What percentage of the internet uses IPv6 today?

Google's IPv6 statistics page (the most-cited public measurement) shows IPv6 reaching Google services from over 45% of users globally in 2026. Penetration is heavily uneven by country: India, France, Germany, and the US are above 60%; many Latin American and African countries are below 10%. By traffic volume the share is higher than by user count, because mobile-heavy regions tend to be IPv6-first.

Should I still configure IPv4 if I'm building something new?

Yes, for the foreseeable future. Dual-stack — listening on both IPv4 and IPv6 — is the safe default. A meaningful fraction of users (and many enterprise networks, including most US government and military) are still IPv4-only.
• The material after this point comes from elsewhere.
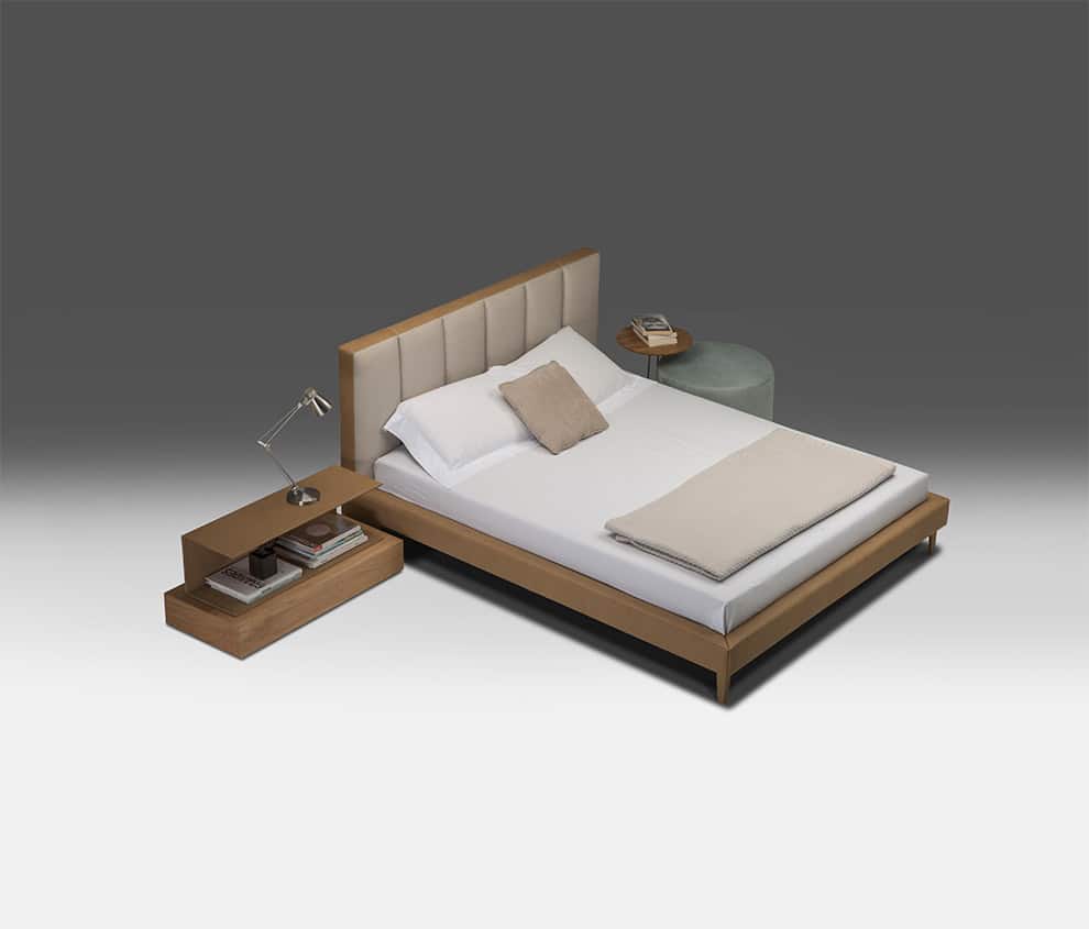 Formas que remetem ao conforto extremo, trazem à Cama Leine detalhes marcantes, que vão desde a cabeceira gomada até a base, onde o acabamento estende-se da base estofada até os pés. Característica de um produto que enche os olhos de quem vê.

IPv6-only services need a NAT64 translation layer to be reachable from those networks, which is workable but adds operational complexity. Dual-stack is the path of least resistance.

Will my software work correctly on IPv6?

Most modern software handles dual-stack transparently — modern HTTP libraries, language runtimes, and operating systems implement RFC 8305 'Happy Eyeballs v2' to race IPv4 and IPv6 connections and use whichever succeeds first. The frequent failure points are: hard-coded IPv4 assumptions in older code, logging systems that parse IPs as 4-byte fields, geo-IP systems with sparse v6 coverage, and rate-limiters that key by exact IP rather than by /64 prefix. If you have a legacy system, IPv6 will expose all of these.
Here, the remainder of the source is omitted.